Новые настояния германского и австрийского командования на Восточном фронте заставляют, наконец, генерала Фалькенхайна уступить и дать принципиальное согласие на усиление немецких войск Восточного фронта, в ущерб Западному. Обещанные подкрепления определены в четыре пехотных корпуса и пять кавалерийских дивизий.[69] По свидетельству генерала Людендорфа, большая часть этих войск не поспевает, однако, к началу тех действий, которые развернулись на этом фронте, и только постепенно вливаются в него, в зависимости от обстановки. Вполне очевидно, что столь значительное ослабление германских войск на западе не могло не сказаться на улучшении общего положения наших союзников. Как известно, Ипр остался окончательно в руках англичан и бои на этом участке фронта постепенно замерли, Западный фронт постепенно стабилизируется и приобретает характер сплошной стены укреплений, которые протягиваются от моря до швейцарской границы. Потребовалось четыре года нечеловеческих усилий, чтобы, по выражению французского историка Шерфиса, перешагнуть созданный барьер. Какой же характер приняли дальнейшие действия на левом берегу реки Вислы?

История минувшей войны дает не один пример того, как германцы выходили из боя, если стратегическая обстановка складывалась не в их пользу. Прием этот должно признать вполне целесообразным. Если стратегическое искусство не смогло или не сумело выполнить своей задачи по подготовке выгодных условий для боевого столкновения, то может оказаться нерасчетливым испытывать судьбу путем неравного боя. Так поступили немцы, натолкнувшись на значительные силы под Варшавой. Конечно, для такого приема необходимы выдержанные войска, привыкшие смотреть на отступление не как на следствие поражения, а как на, своего рода, маневр, применяемый соответственно обстановке. Необходимы также военачальники с тонким военным чутьем, дающим возможность верно оценивать обстановку.

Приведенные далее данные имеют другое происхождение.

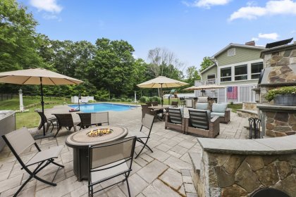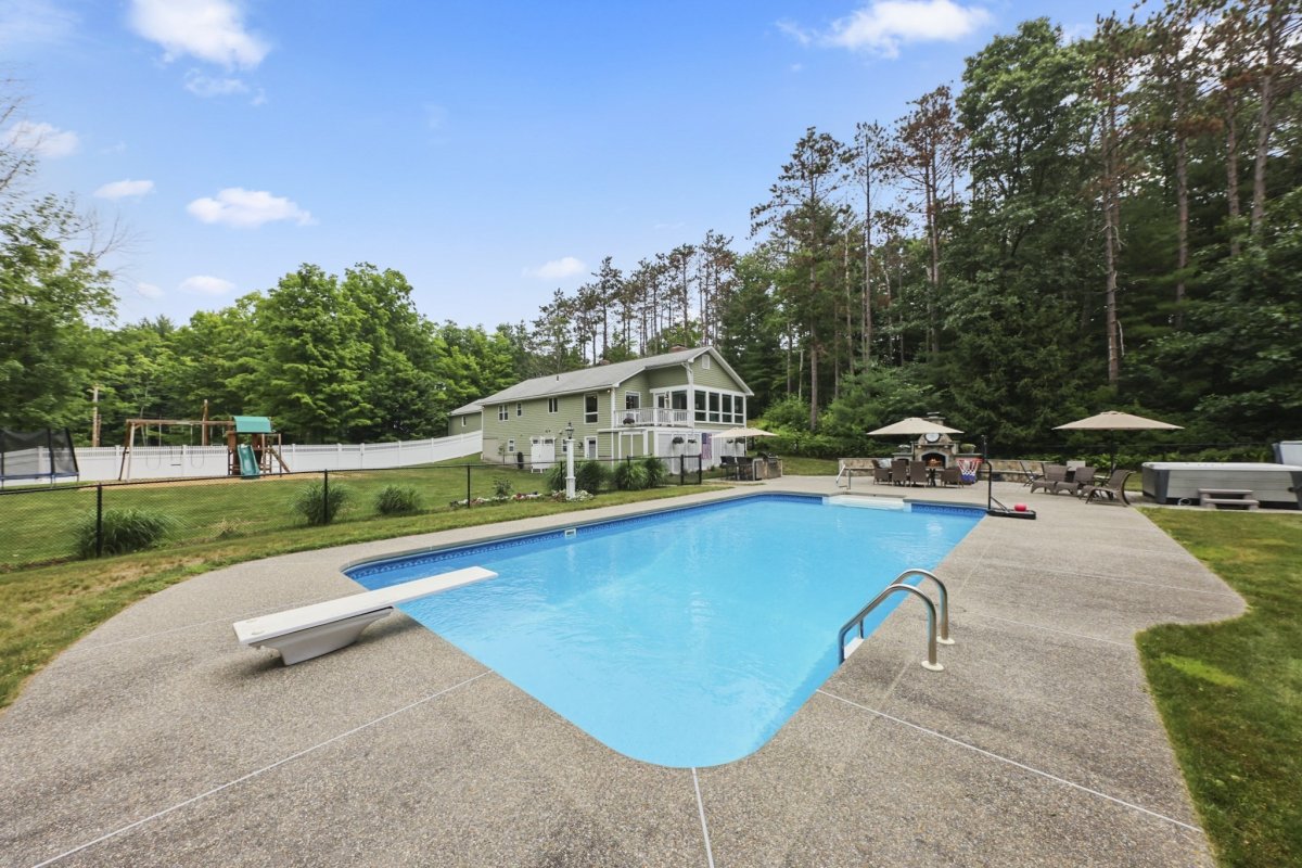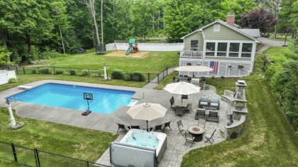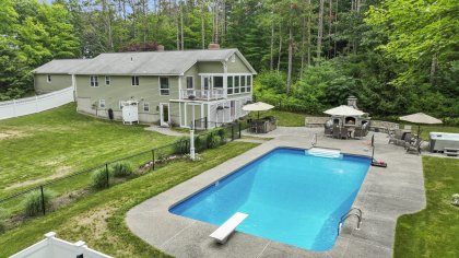 The seller reserves the right to accept an offer prior to deadline. Welcome to your dream home on over 4 acres of private land! This stunning property features a 20 x 40 inground heated pool, outdoor shower, gorgeous fireplace, built-in grill area, spacious patio, deck, and hot tub—perfect for outdoor living. The open-concept first floor boasts a chef's kitchen featuring double wall ovens, a gorgeous island, and a gas cooktop with a downdraft system. The first floor also offers 3 spacious bedrooms, 2 bathrooms, a dining room, and a heated sunroom with views of your private backyard. The partially finished walk-out basement expands your living space with a second kitchen, a versatile bonus room, and an additional half-bathroom, ideal for entertaining or guest accommodation. Don’t miss the chance to own this exceptional property, combining open-concept indoor and outdoor living in a serene, private setting. Your perfect home awaits!

Оставляя район левого берега реки Вислы, немцы проявили также в полной мере свое искусство в разрушении тех путей, по которым должно было развиться русское дальнейшее наступление. Беспощадно уничтожались ими мосты, вырывались наиболее серьезные железнодорожные и шоссейный сооружения, уничтожались телеграфные сообщения. Военные представители союзных держав, состоявшие при Ставке и посетившие почти непосредственно за уходом немцев оставленный ими район, не могли скрыть своего удивления перед размерами произведенных разрушений. Необходимость восстановления дорог задержала, разумеется, весьма надолго движение русских войск, вследствие чего немцы получили возможность безнаказанного отступления к своим границам.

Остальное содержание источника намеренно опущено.